Lobbying contro il clima, i principali paesi coinvolti

L’azione di lobbying contro il dossier sui cambiamenti climatici è portata avanti soprattutto da paesi produttori di carbone, petrolio, carne e mangimi animali che vogliono di fatto eliminare o annacquare quelle conclusioni scientifiche che potrebbero minacciare le loro economie o i loro interessi.

«Tra i Paesi che più cercano di minimizzare gli effetti sul clima troviamo Brasile, Argentina, Australia, Giappone, Arabia Saudita e gli Stati membri dell’OPEC – denuncia Greenpeace – Ad esempio, Australia, Arabia Saudita, e l’Organizzazione dei Paesi Esportatori di Petrolio (OPEC), stanno facendo pressioni sull’IPCC per eliminare o indebolire la parte conclusiva del report che afferma che dovremmo rapidamente cessare l’estrazione di fonti fossili come carbone, petrolio e gas fossile. Tutto questo, mentre continuano a reclamizzare soluzioni fasulle come la cattura e lo stoccaggio sotterraneo della CO2 (CCS)».

Un alto funzionario del governo australiano, raccontano i leaks, ha respinto la conclusione praticamente “incontrovertibile” che uno dei passi più importanti per ridurre le emissioni di gas serra sia l’eliminazione graduale delle centrali elettriche a carbone. L’Australia è uno dei principali paesi esportatori di carbone.

Brasile e Argentina, dal canto loro, due dei più grandi produttori mondiali di carne bovina, di soia e di mangimi per animali, hanno fatto pressione per cancellare dal dossier i messaggi sui benefici per il clima che verrebbero dalla riduzione del consumo di carne e latticini e dalla promozione di diete con più alta presenza di vegetali.

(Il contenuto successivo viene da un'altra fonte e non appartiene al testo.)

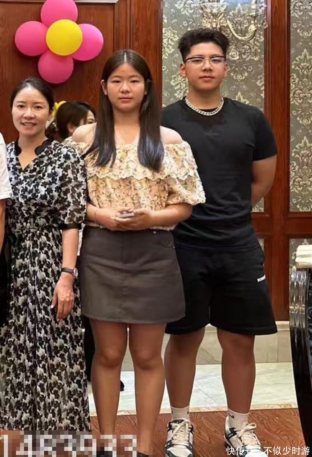 如今成长蜕变,身高远超母亲,戴着眼镜坚持健身,肌肉线条清晰,体型健壮有力,明显继承了母亲的体质特征,面容柔和,气质沉静。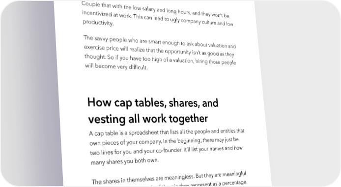 Raise Millions by Hustle Fund VC Page 32 Here’s the problem: joining a team with a high valuation means that the price for the stock options is also high. Employees will realize that they can’t actually afford to buy their options. Couple that with the low salary and long hours, and they won’t be incentivized at work. This can lead to ugly company culture and low productivity. The savvy people who are smart enough to ask about valuation and exercise price will realize that the opportunity isn’t as good as they thought. So if you have too high of a valuation, hiring those people will become very difficult. How cap tables, shares, and vesting all work together A cap table is a spreadsheet that lists all the people and entities that own pieces of your company. In the beginning, there may just be two lines for you and your co-founder. It’ll list your names and how many shares you both own. The shares in themselves are meaningless. But they are meaningful when you see how much of the pie they represent as a percentage. Every time you give a slice of pizza to an investor or a key employee, they will be granted shares and have some equity in the pie. Their hustlefund.vc / @hustlefundvc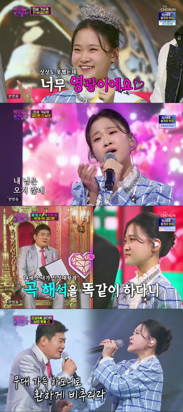 이날 김다현은 구슬프고 애절한 감성으로 객석을 압도하는 가창력을 선보였다. 이에 진성은 “원래 내가 이 곡을 부를 때 분위기를 이렇게 내려고 했다. 14세 소녀가 이렇게 폭넓은 해석력을 보여주어 대단하다”고 극찬을 아끼지 않았다.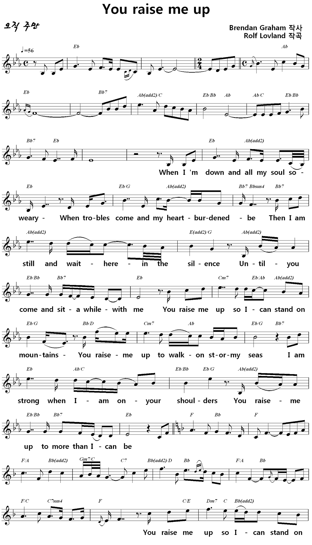 You Raise Me Up / When I'm down [Kd] 영문 성가악보 다운받기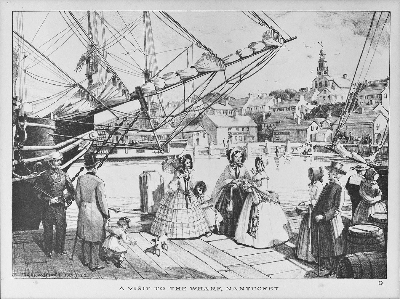 Born of the Colonial Revival movement, Jenney’s grand interiors provided the pattern for “historic decoration” for many generations to come. He also created an immensely popular series of nostalgic lithographic prints of Nantucket in the heyday of the whaling period.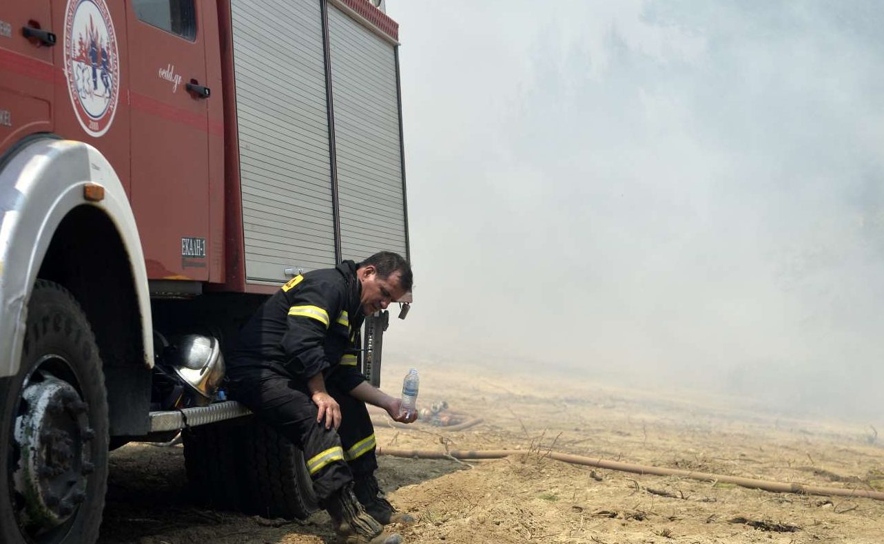 Ο εξουθενωμένος πυροσβέστης που προσπαθεί ρίχνοντας λίγο νερό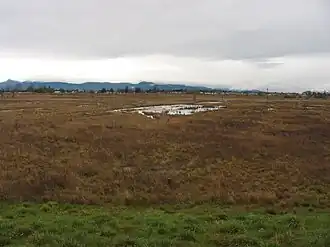 The Portland/Vancouver Basin ecoregion (named for the cities of Portland and Vancouver) is a geological depression at the base of the Portland Hills fault-block. It contains the confluence of the Willamette and Columbia Rivers and is composed of deltaic sands and gravels deposited by Pleistocene floods, notably the Missoula Floods. Elevation varies from 0 to 300 feet (0 to 90 m), with buttes as high as 650 feet (200 m). Historically, the basin was characterized by Oregon white oak groves and Douglas-fir forests on the uplands; black cottonwood groves on riverbanks and islands; Oregon ash, red alder, and western redcedar in riparian areas; and prairie openings maintained by Native American burning, with camas, sedges, tufted hairgrass, fescue, and California oatgrass. Numerous wetlands, oxbow lakes, and ponds can still be found, but today the region is dominated by urban and suburban development, pastures, cropland, and tree farms. The climate is usually marine-influenced, but easterly winds from the Columbia River Gorge periodically bring continental temperature extremes. The region covers 305 square miles (790 km2) in Washington and 269 square miles (697 km2) in Oregon, including the northern and eastern suburbs of the Portland metropolitan area. It contains several National Wildlife Refuges within the Ridgefield National Wildlife Refuge Complex.[2][3]

Vari governo hanno chiesto di eliminare le critiche alle attività di “carbon offsetting”, la compensazione delle emissioni di gas serra tramite schemi di protezione forestale.

«Gli esperti dell’IPCC non hanno alcun obbligo di accettare questi commenti, che sono sottoposti a una rigorosa analisi scientifica sulla base dei dati disponibili – puntualizza Greenpeace – Tuttavia, alcuni commenti analizzati da Unearthed svelano le inquietanti posizioni assunte dietro le quinte, da alcuni Paesi importanti».

Il rischio è che queste pressioni finiscano per annacquare anche le conclusioni del prossimo vertice mondiale sui cambiamenti climatici. Anche attraverso una maxi azione di greenwashing sulle azioni da intraprendere. Tutto questo, denuncia Greenpeace, «fa dunque temere già per le sorti della Cop26».